(WORK REQUEST) In the entries below, find the string "soft" and return each line holding it.

(GIVEN DATA)

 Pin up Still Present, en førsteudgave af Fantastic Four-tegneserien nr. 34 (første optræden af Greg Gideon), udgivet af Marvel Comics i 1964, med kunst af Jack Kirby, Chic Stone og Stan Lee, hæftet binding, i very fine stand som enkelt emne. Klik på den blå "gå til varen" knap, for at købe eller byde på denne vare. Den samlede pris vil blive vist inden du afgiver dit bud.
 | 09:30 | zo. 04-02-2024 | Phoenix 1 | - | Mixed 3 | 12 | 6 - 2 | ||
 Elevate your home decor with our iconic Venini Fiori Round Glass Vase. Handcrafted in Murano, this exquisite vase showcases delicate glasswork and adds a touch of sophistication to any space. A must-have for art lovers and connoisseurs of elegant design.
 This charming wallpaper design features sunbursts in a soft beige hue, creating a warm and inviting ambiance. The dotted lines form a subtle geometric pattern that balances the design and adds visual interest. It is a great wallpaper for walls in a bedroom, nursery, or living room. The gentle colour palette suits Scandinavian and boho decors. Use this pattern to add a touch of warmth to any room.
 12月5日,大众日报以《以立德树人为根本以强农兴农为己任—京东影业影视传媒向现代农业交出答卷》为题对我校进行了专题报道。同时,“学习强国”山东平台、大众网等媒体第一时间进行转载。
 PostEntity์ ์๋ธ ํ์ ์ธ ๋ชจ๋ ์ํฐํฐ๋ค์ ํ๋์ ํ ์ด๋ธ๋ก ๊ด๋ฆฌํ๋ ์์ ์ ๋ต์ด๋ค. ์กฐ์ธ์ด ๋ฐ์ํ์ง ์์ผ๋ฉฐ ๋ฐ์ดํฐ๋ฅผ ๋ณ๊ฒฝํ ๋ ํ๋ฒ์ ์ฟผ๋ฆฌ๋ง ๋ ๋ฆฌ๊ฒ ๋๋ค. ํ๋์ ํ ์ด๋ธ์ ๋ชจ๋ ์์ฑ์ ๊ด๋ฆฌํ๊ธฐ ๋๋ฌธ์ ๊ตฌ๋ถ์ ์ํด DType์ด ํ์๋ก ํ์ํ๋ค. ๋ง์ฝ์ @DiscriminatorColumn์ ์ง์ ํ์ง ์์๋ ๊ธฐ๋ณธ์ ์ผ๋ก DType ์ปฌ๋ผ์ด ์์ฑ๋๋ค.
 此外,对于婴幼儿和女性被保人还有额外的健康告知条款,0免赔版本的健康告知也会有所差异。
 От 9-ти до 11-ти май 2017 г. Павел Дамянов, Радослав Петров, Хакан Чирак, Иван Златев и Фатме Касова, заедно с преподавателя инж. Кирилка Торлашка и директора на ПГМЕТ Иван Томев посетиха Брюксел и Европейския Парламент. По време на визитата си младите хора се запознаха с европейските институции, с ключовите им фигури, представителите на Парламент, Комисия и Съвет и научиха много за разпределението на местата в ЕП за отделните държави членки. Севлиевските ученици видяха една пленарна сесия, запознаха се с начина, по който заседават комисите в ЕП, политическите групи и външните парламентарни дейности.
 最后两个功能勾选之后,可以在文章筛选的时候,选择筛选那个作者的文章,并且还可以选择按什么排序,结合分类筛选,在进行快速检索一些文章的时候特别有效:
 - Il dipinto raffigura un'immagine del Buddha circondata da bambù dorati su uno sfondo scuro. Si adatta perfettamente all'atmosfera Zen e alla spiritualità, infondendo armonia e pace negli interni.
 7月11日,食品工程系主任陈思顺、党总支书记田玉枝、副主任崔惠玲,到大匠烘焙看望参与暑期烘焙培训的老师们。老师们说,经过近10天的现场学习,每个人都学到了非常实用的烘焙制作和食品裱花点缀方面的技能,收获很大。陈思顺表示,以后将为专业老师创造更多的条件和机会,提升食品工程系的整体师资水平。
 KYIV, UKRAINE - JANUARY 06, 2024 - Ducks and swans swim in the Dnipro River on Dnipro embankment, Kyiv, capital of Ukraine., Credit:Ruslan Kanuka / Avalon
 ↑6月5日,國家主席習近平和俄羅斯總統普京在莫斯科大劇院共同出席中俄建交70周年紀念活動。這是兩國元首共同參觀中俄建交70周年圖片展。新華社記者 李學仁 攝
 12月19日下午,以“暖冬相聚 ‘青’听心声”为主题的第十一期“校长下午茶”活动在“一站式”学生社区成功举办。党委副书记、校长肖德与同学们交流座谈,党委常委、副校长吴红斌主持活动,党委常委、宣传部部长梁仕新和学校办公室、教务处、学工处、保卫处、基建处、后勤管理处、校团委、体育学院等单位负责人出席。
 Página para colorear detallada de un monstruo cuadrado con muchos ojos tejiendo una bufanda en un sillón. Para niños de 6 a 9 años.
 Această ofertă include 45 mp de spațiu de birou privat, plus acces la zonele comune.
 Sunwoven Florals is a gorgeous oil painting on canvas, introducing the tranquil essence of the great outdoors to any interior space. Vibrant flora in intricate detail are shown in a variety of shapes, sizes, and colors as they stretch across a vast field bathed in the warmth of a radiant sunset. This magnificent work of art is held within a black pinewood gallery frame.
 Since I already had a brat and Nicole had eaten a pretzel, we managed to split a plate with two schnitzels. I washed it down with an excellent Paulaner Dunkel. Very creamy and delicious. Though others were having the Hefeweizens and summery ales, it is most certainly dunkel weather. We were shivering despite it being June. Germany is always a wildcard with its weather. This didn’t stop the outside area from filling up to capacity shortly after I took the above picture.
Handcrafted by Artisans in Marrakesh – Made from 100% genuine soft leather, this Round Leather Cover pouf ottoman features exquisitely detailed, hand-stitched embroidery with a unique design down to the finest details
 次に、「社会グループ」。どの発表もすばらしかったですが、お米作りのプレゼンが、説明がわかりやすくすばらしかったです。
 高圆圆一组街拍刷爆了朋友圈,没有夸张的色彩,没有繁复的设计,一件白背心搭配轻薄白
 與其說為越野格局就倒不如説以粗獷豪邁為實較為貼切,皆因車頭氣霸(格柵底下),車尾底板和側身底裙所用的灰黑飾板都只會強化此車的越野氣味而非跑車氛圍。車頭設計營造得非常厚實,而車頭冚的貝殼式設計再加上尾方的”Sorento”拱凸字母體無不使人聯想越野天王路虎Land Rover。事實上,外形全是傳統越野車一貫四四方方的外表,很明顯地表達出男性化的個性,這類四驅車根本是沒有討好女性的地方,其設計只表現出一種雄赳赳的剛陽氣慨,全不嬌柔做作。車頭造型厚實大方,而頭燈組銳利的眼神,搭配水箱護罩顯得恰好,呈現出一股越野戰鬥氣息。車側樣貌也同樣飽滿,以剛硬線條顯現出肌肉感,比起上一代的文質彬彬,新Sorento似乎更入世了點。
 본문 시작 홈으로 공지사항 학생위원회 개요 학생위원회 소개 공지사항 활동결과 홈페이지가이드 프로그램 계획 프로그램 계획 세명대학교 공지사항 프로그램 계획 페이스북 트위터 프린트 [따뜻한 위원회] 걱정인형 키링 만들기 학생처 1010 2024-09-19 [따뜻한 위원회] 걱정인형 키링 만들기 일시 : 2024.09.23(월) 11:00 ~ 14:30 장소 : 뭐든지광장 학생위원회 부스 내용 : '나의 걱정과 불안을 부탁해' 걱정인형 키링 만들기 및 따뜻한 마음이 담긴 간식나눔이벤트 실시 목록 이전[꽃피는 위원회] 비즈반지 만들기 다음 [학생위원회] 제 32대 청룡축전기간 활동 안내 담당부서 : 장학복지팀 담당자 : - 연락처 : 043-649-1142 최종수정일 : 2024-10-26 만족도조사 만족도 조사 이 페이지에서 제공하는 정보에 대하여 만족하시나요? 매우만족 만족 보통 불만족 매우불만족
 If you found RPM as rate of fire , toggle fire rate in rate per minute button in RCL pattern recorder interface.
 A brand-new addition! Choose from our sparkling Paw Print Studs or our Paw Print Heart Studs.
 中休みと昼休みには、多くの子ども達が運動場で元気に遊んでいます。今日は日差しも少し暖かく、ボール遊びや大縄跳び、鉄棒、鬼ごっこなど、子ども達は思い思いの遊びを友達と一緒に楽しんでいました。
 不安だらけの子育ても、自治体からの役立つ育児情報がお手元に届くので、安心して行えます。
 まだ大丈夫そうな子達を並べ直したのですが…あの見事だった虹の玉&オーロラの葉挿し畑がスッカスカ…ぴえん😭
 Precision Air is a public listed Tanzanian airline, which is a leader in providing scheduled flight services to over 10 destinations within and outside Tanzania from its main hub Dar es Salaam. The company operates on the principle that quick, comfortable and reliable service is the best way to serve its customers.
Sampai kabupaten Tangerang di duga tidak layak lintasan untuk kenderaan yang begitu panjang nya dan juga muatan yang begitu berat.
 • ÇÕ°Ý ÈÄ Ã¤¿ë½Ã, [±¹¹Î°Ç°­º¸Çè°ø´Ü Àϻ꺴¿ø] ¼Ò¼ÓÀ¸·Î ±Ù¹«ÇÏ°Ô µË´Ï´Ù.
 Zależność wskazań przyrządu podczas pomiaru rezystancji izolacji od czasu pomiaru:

(End GIVEN DATA)

(OUTPUT BELOW)
 This charming wallpaper design features sunbursts in a soft beige hue, creating a warm and inviting ambiance. The dotted lines form a subtle geometric pattern that balances the design and adds visual interest. It is a great wallpaper for walls in a bedroom, nursery, or living room. The gentle colour palette suits Scandinavian and boho decors. Use this pattern to add a touch of warmth to any room.
Handcrafted by Artisans in Marrakesh – Made from 100% genuine soft leather, this Round Leather Cover pouf ottoman features exquisitely detailed, hand-stitched embroidery with a unique design down to the finest details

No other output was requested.